I have ME/CFS which is what finally stopped me from be a tax payer.  I was getting sicker and sicker with the physical and mental effort required in getting to work, moving around the site and concentrating on work.  This was a pretty bitter blow because I liked my job but loved the social side of it. Falling asleep at my desk was normal, being unable to continue a task once started and interrupted, trying to be a part of a superb team where I was the one being carried and making the most horrendous and serious mistakes.  I was a liability.

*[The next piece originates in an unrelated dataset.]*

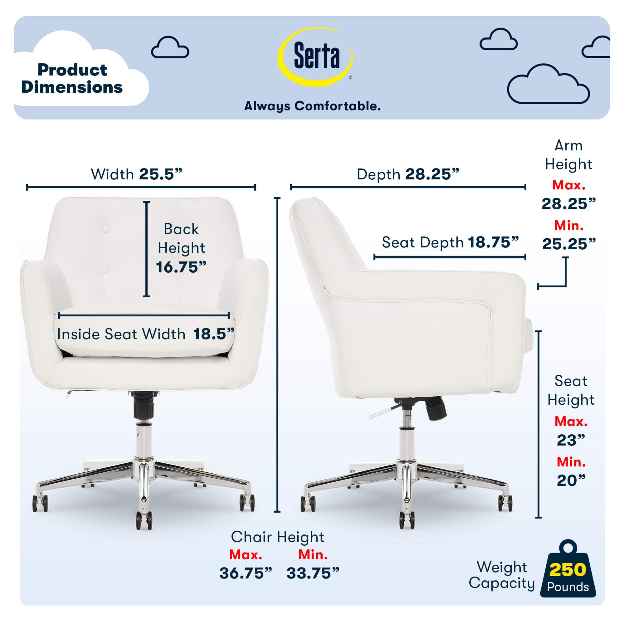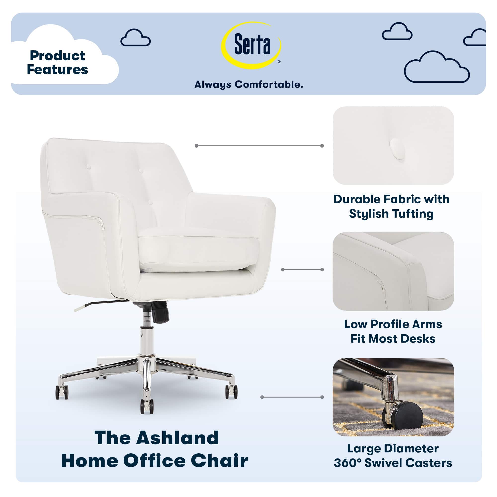 Take your home office up a notch with the Serta Ashland Home Office Desk Chair. Great for stylized home office spaces or entertainment rooms, this trendy chair combines chic modern design with enhanced comfort features. The memory foam cushions in the seat and arms keep you comfortable and supported during work or play. A chrome-finished stand offers 360-degree swiveling and height control, so you can adjust the chair to fit any space. The Serta Ashland Ergonomic Home Office Chair comes in a variety of colors in bonded leather or fabric to upgrade the look and comfort of your home, office, or entertainment space.

With the ME, I have a whole slew of symptoms including constant pain, an inability to stay awake, inability to concentrate  ibs, delayed  fatigue after exercise, disordered and unrefreshing sleep, problems with my blood pressure on standing, inability to stand for any amount of time, dizziness, nausea, balance problems etc. I come in on the moderate/severe scale in ME/CFS terms.  I've also dealt with this for over 20 years.


I've also had a lot of surgery on my knees that have left me unable to kneel or squat.  I also have early stage osteoarthritis which is at its worst in my hands and knees.


I have chronic brittle asthma which has on occasion hospitalised me but is now pretty well controlled by the latest generation of drugs.


On top of this I have what has been diagnosed as treatment resistant depression.  This is held in check by a high dose of anti depressant.  I have been treated using Acceptance and Commitment Therapy but when under stress all the bad thoughts come back to me.


Finally a little over a year ago I was diagnosed with Borderline Personality Disorder also known as Emotionally Unstable Personality Disorder.  This diagnosis has finally broken me. It explained why I behave as I do, why people either love me or loathe me, why everything I have ever wanted in life had been out of reach.  I can't explain it fully because it is too much for me to even try to.  I'm now 48 - had I been diagnoses 30 years ago, my life would have been far more productive and less destructive  Enough said.